* _WORK INSTRUCTIONS_: When you write out the listing, keep every word as it stands and drop the pictures.

* _DATASET SECTION_:
※
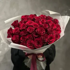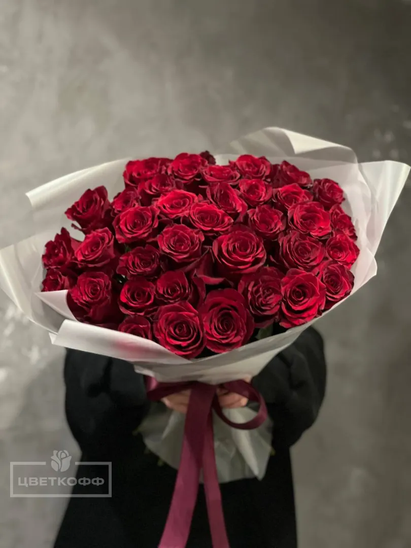 Букет из 35 красных роз в матовой пленке
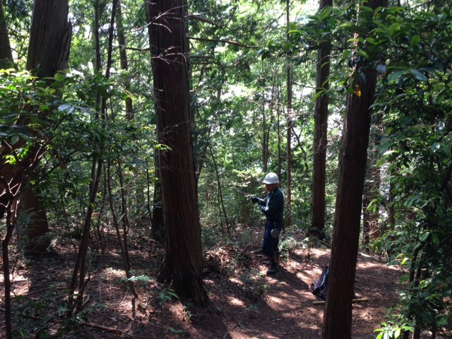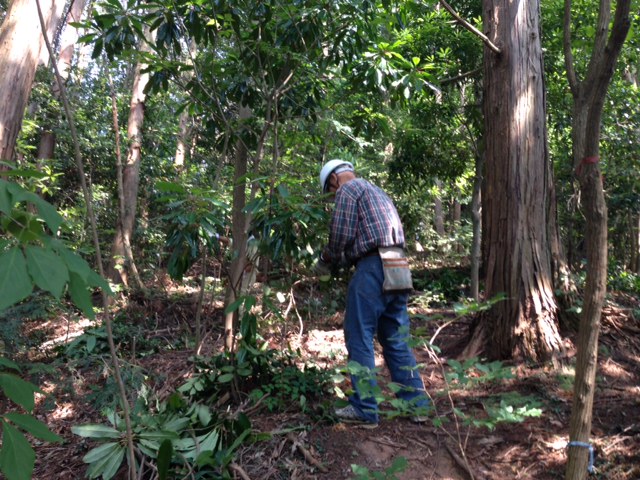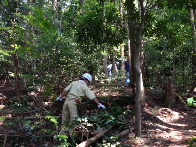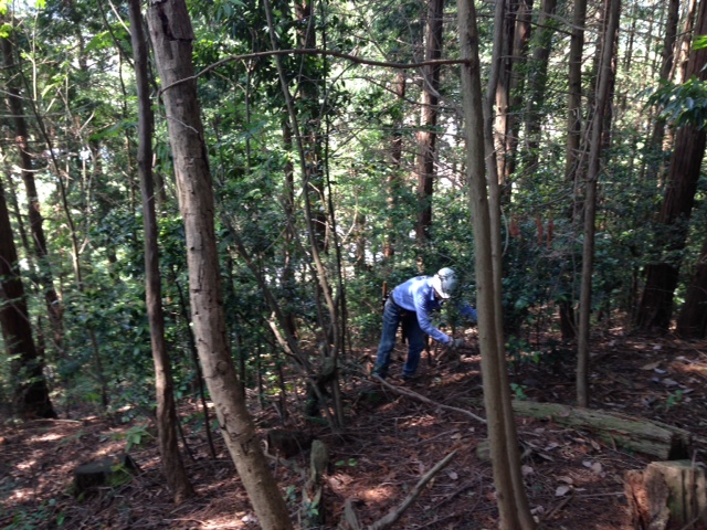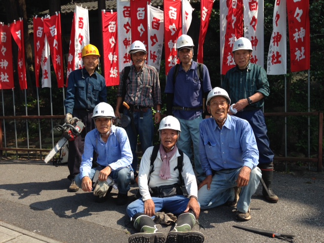 隊長以下計8名での取り組みでした。百百神社から10分ほどの急坂を登って作業現場に到着。何本かの立ち枯れ松をチェンソーで伐採して、枯れ枝が散乱しているのを順次手間をかけて纏めていく。登山道脇の檜幼木や常緑樹等も伐採して、見通しを良くする。3年半掛って八幡山北の丸を皮切りに順次整備を進めてきたが、ようやく次回の作業で完了の見込み。
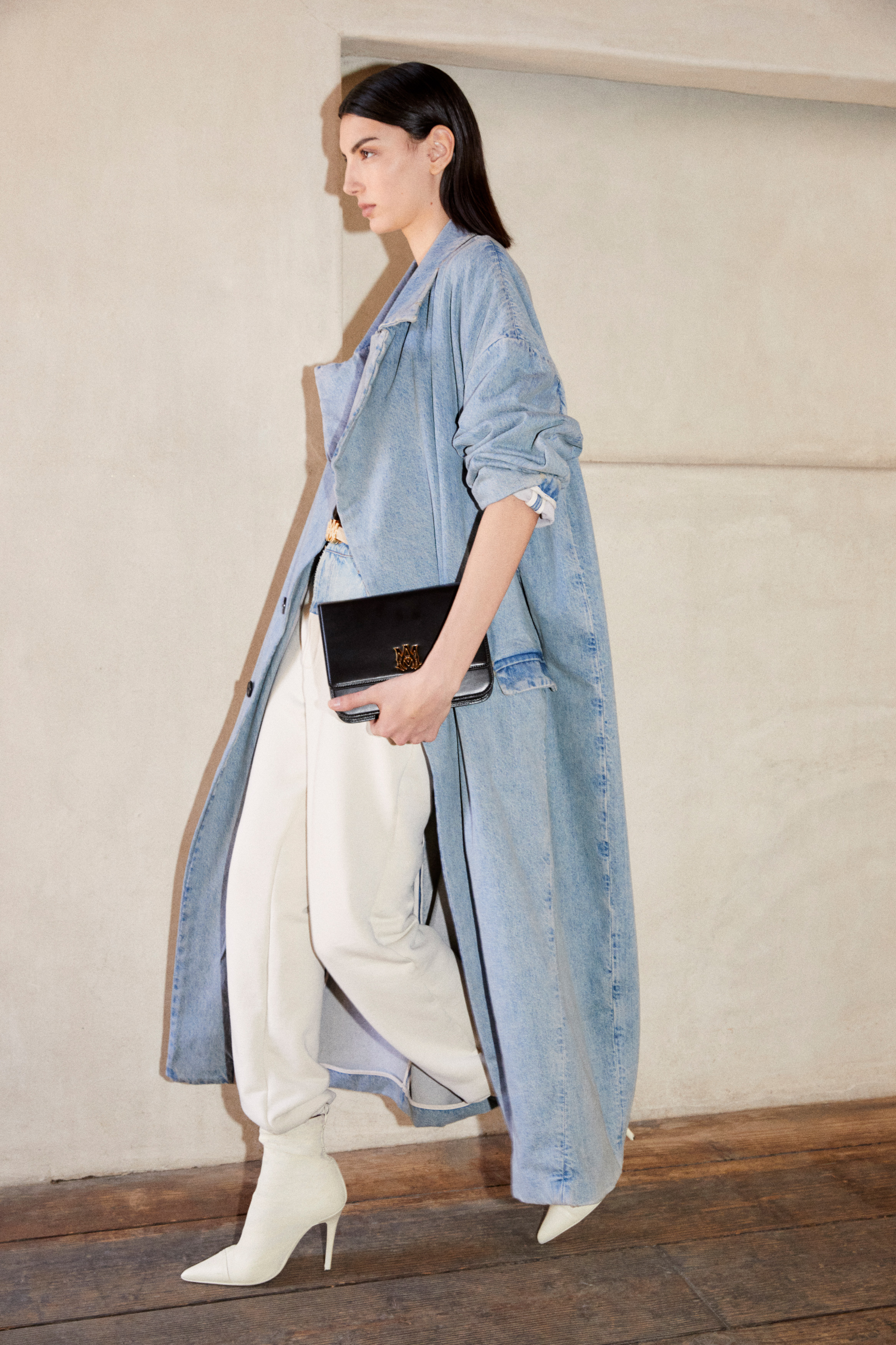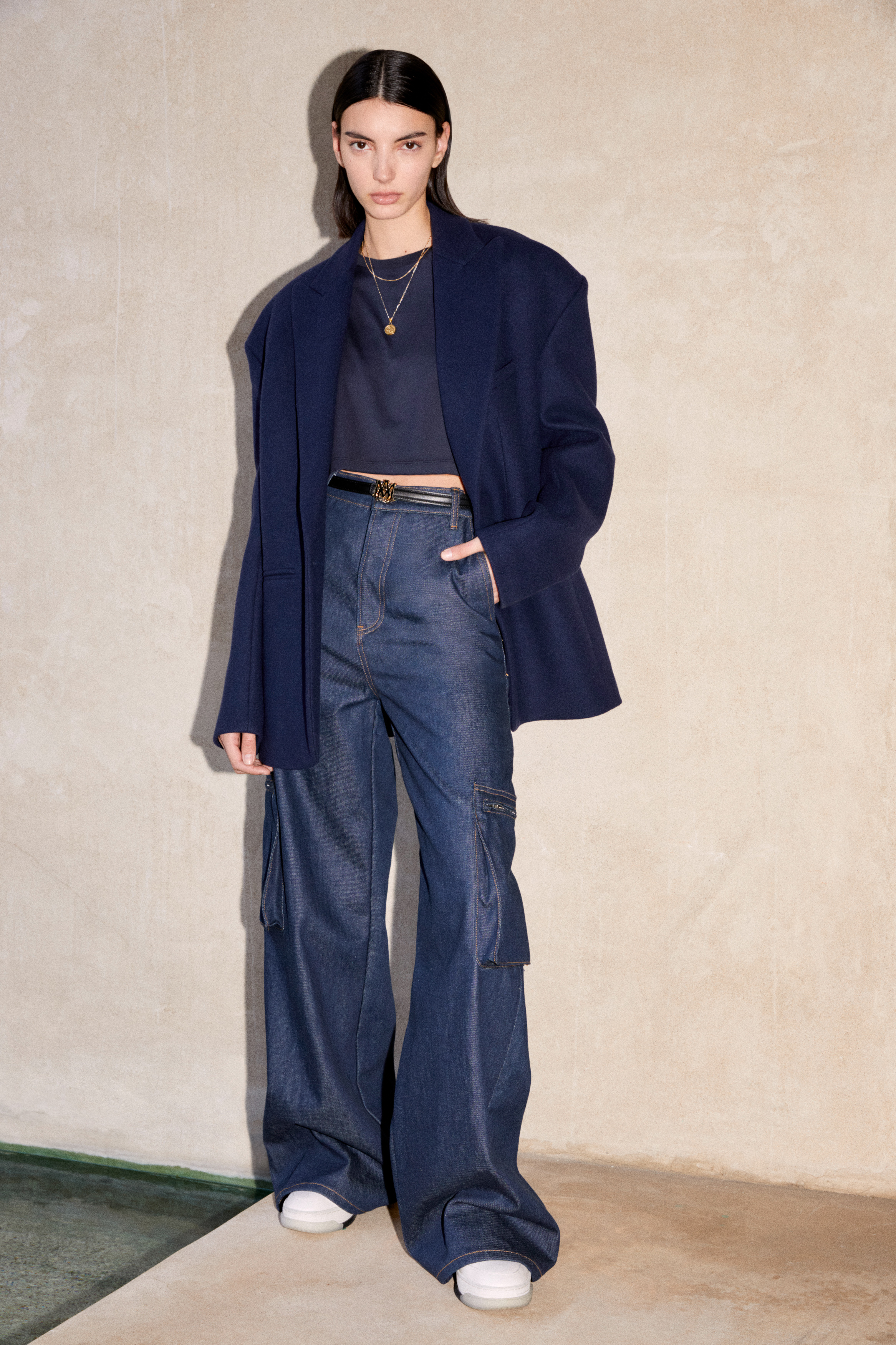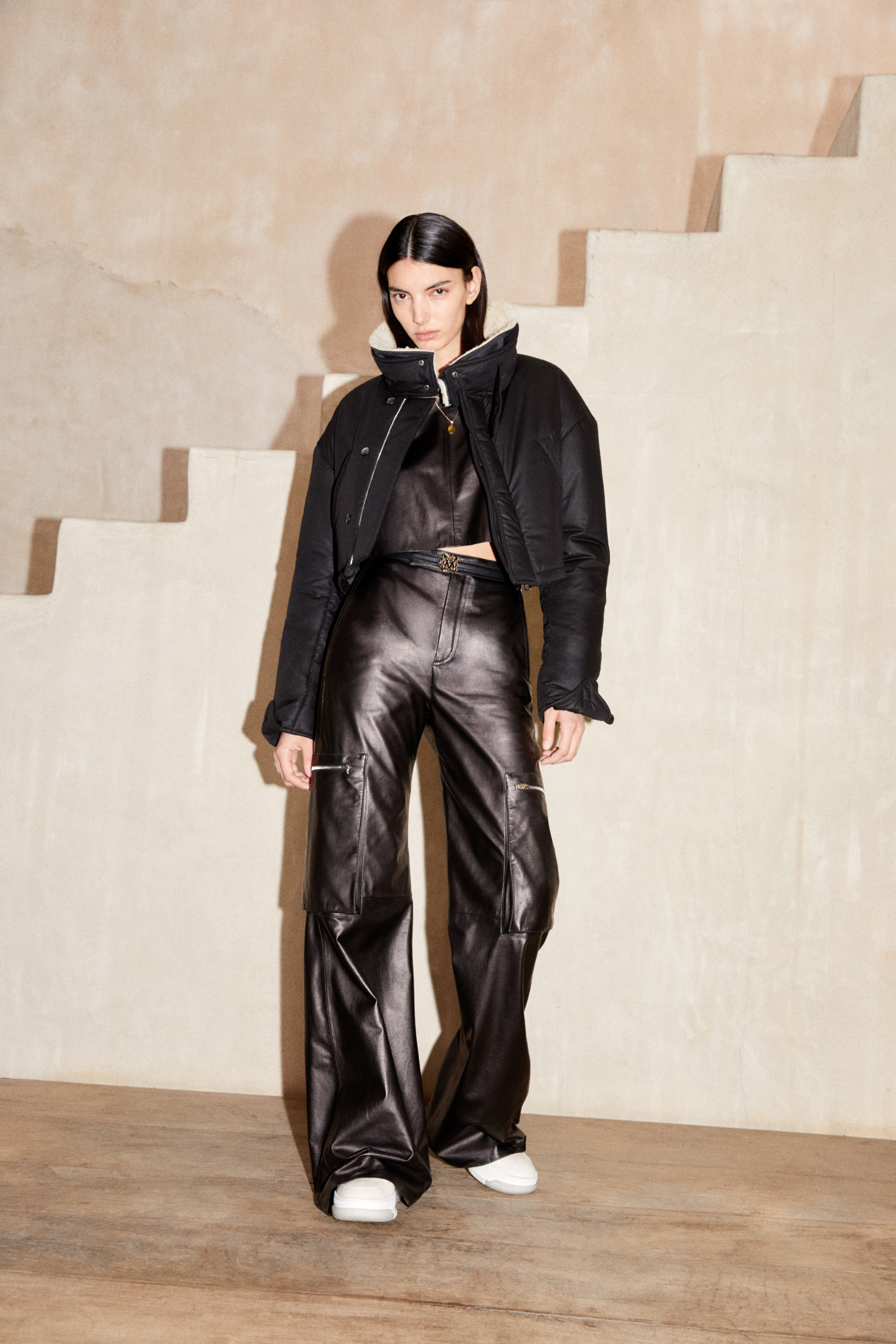 Feminine and established, Mike Amiri builds character through volume. Outlined by AMIRI’s ubiquitous utility silhouettes, the collection focuses on dynamic shapes and an elevated attitude; recognized by defined, oversized outerwear, relaxed body and wide-leg, cargo flare.
※
* _SOLUTION TO THE PROBLEM_:
 Букет из 35 красных роз в матовой пленке
 隊長以下計8名での取り組みでした。百百神社から10分ほどの急坂を登って作業現場に到着。何本かの立ち枯れ松をチェンソーで伐採して、枯れ枝が散乱しているのを順次手間をかけて纏めていく。登山道脇の檜幼木や常緑樹等も伐採して、見通しを良くする。3年半掛って八幡山北の丸を皮切りに順次整備を進めてきたが、ようやく次回の作業で完了の見込み。
 Feminine and established, Mike Amiri builds character through volume. Outlined by AMIRI’s ubiquitous utility silhouettes, the collection focuses on dynamic shapes and an elevated attitude; recognized by defined, oversized outerwear, relaxed body and wide-leg, cargo flare.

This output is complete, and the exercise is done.